◆ Exercise inputs:
★ ★ ★ ★ ★

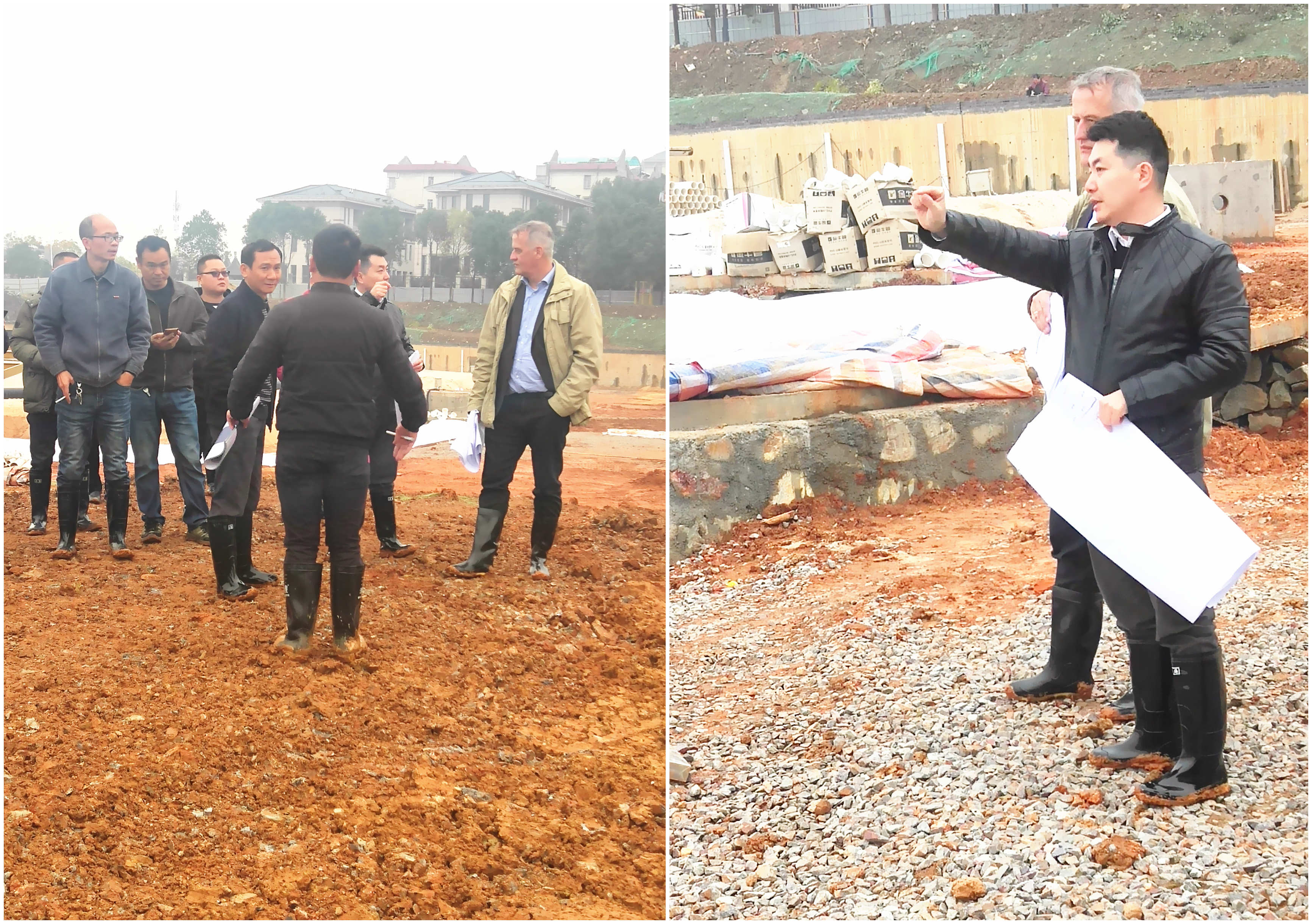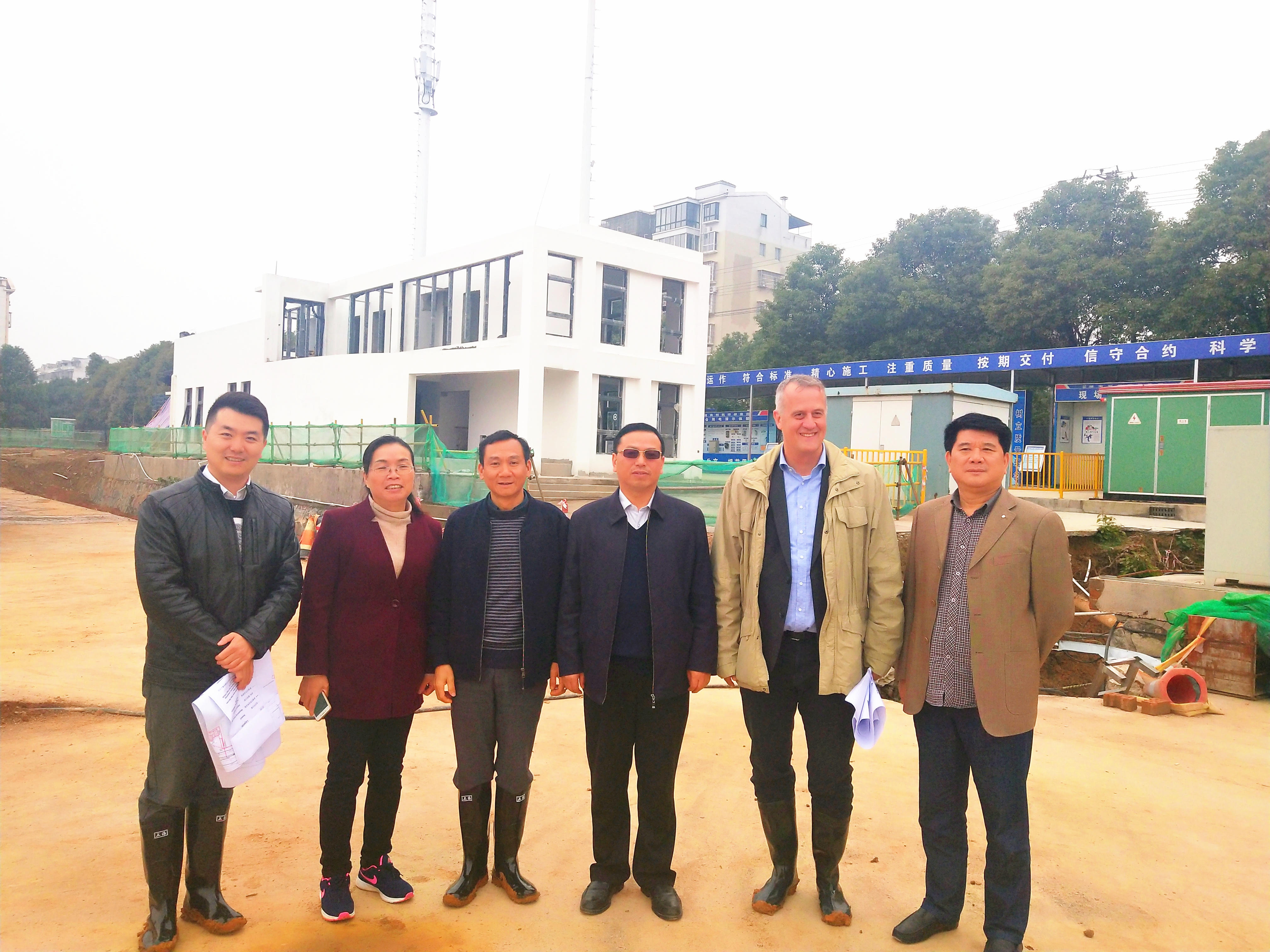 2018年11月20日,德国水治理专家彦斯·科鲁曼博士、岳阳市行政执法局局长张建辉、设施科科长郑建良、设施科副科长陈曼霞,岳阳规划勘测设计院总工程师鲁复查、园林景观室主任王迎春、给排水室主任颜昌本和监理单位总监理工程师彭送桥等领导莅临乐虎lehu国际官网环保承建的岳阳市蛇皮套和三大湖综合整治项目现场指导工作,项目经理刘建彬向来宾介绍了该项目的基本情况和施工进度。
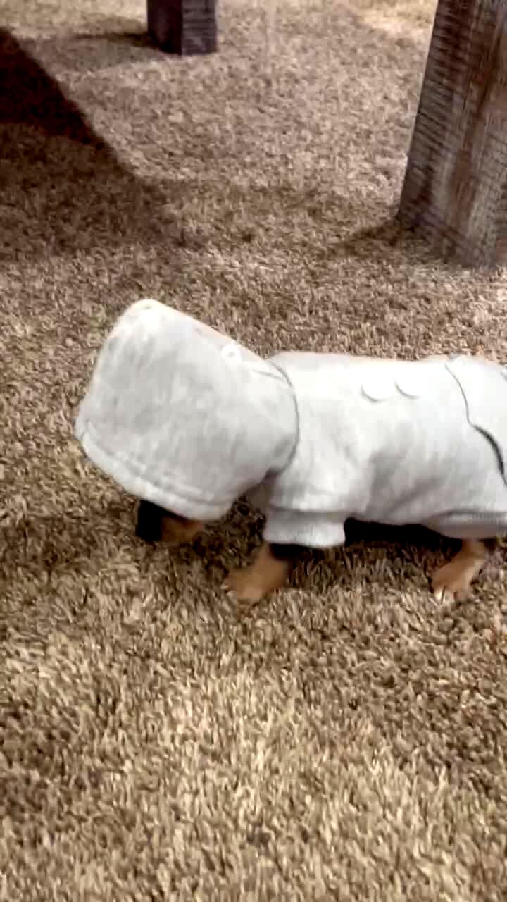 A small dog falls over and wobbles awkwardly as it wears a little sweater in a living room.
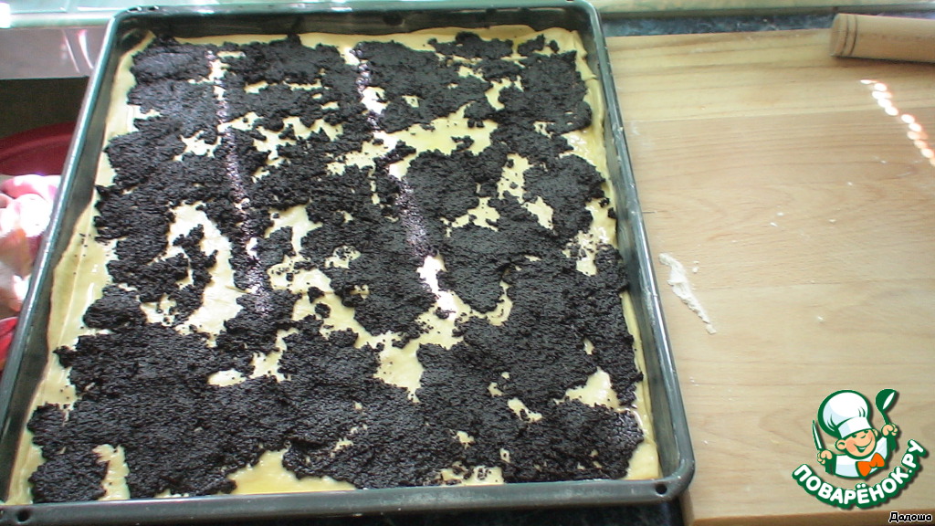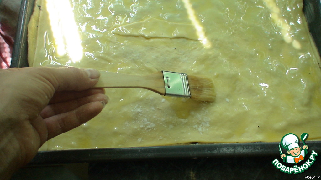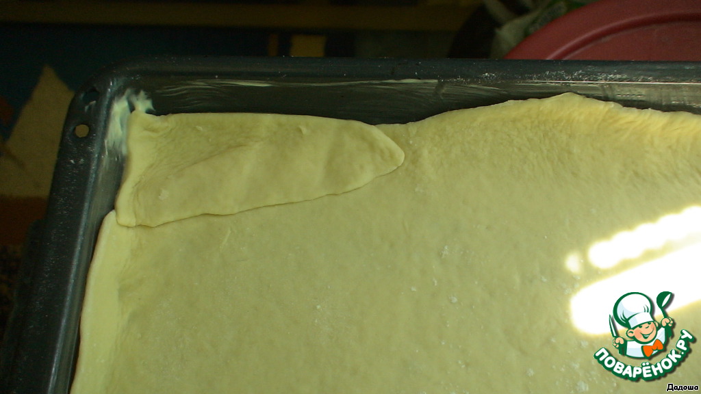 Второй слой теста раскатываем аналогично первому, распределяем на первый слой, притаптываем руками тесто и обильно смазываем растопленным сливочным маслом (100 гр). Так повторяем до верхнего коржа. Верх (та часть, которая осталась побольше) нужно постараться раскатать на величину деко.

★ ★ ★ ★ ★

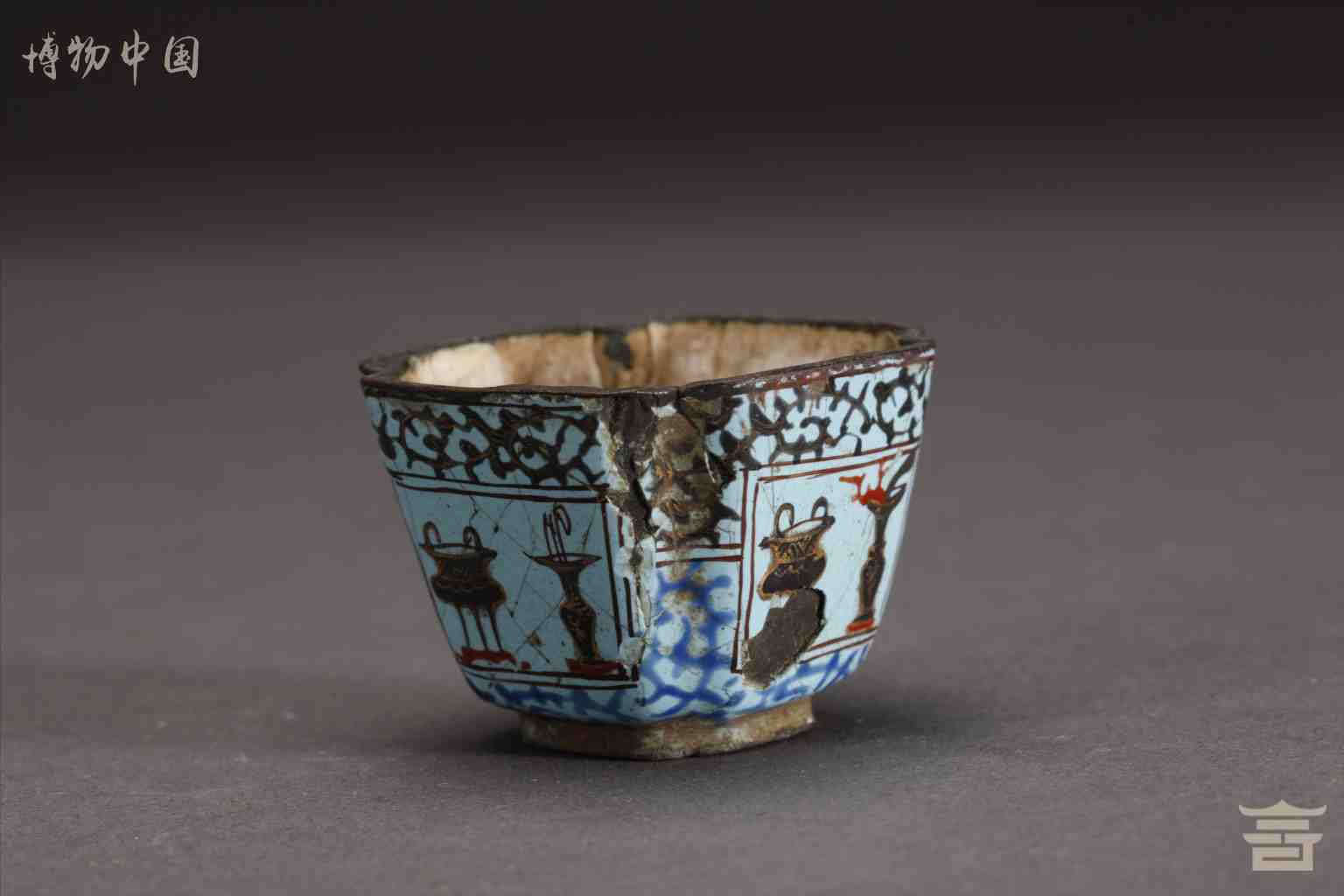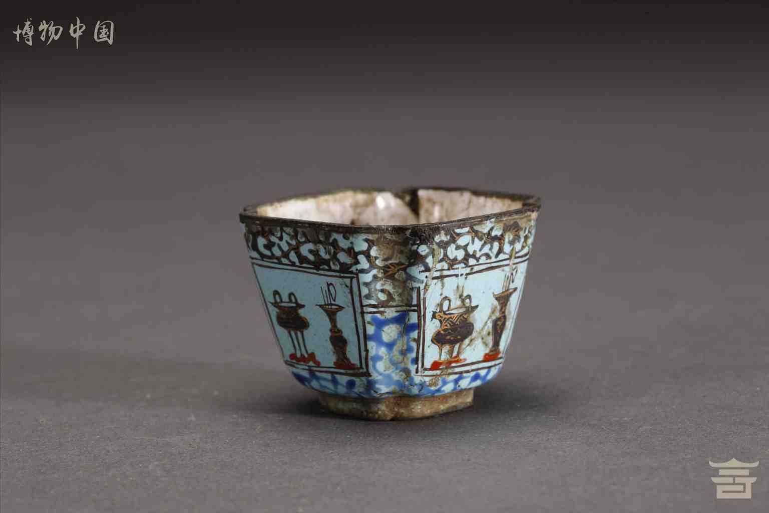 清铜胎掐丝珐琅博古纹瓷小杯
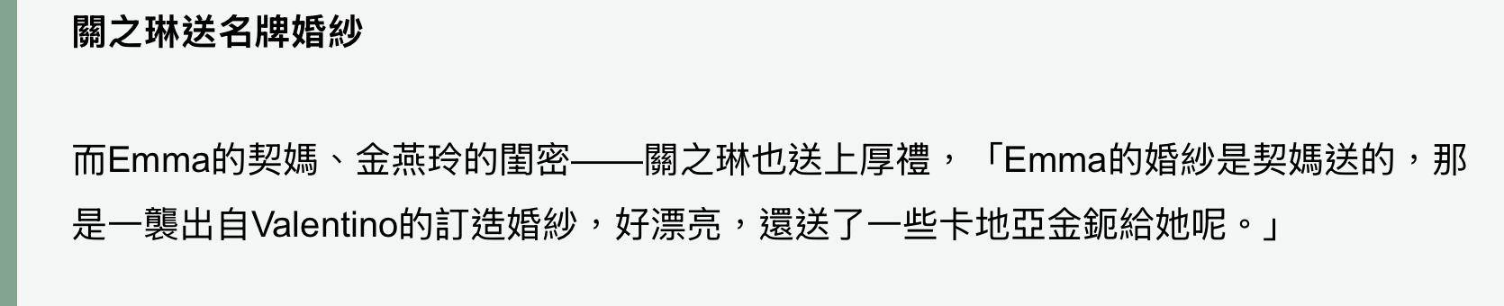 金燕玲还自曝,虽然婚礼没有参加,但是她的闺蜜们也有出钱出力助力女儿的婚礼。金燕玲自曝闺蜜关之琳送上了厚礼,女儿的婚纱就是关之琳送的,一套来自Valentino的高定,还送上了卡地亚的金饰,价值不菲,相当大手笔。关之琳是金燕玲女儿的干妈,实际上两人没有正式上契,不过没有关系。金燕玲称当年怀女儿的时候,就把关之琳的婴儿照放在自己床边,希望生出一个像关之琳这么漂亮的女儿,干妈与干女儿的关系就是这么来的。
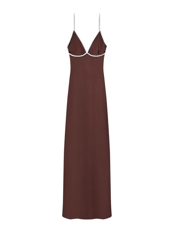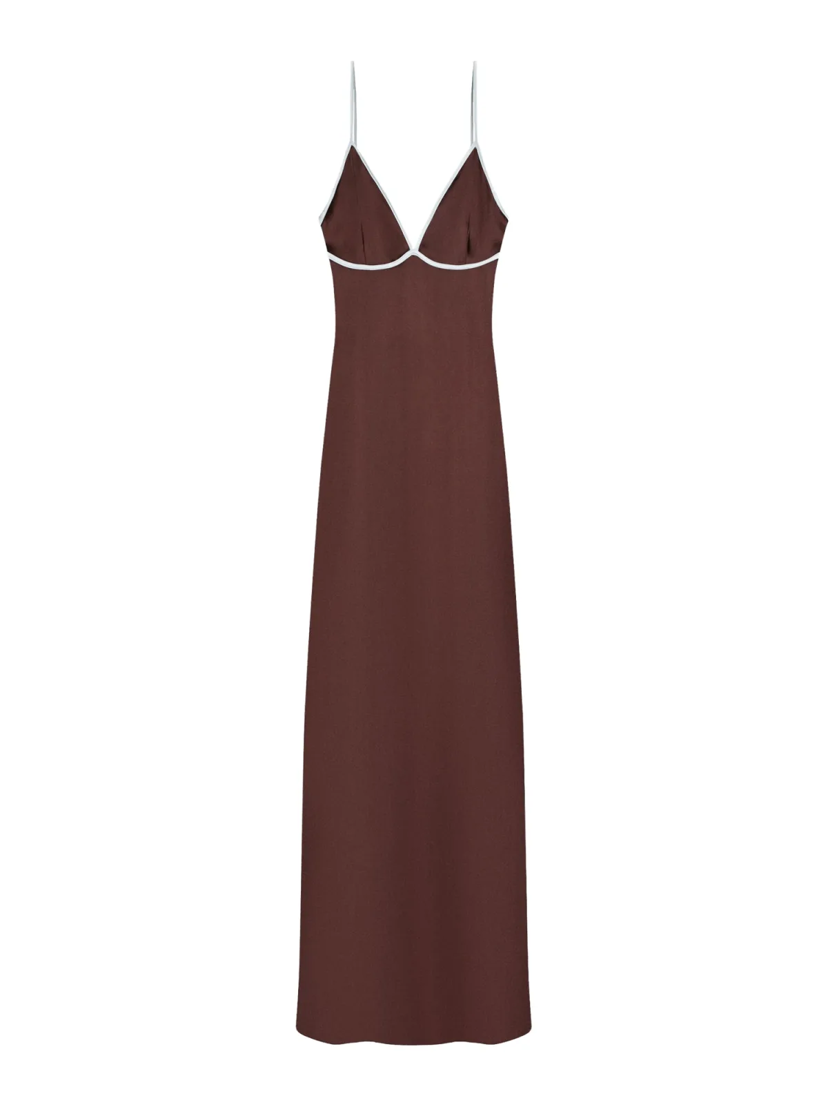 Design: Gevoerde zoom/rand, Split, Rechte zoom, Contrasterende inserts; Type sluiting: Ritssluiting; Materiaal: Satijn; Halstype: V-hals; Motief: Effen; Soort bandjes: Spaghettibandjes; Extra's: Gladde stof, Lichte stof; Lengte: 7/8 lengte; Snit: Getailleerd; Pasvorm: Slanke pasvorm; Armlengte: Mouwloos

★ ★ ★ ★ ★

◆ Problem to solve:
Print an exact copy of the lines above, from the one containing "金燕玲还自曝,虽然婚礼没有参" through the one containing "Design: Gevoerde zoom/rand, Split, Rechte", and leave out the pictures.

◆ Solution:
 金燕玲还自曝,虽然婚礼没有参加,但是她的闺蜜们也有出钱出力助力女儿的婚礼。金燕玲自曝闺蜜关之琳送上了厚礼,女儿的婚纱就是关之琳送的,一套来自Valentino的高定,还送上了卡地亚的金饰,价值不菲,相当大手笔。关之琳是金燕玲女儿的干妈,实际上两人没有正式上契,不过没有关系。金燕玲称当年怀女儿的时候,就把关之琳的婴儿照放在自己床边,希望生出一个像关之琳这么漂亮的女儿,干妈与干女儿的关系就是这么来的。
 Design: Gevoerde zoom/rand, Split, Rechte zoom, Contrasterende inserts; Type sluiting: Ritssluiting; Materiaal: Satijn; Halstype: V-hals; Motief: Effen; Soort bandjes: Spaghettibandjes; Extra's: Gladde stof, Lichte stof; Lengte: 7/8 lengte; Snit: Getailleerd; Pasvorm: Slanke pasvorm; Armlengte: Mouwloos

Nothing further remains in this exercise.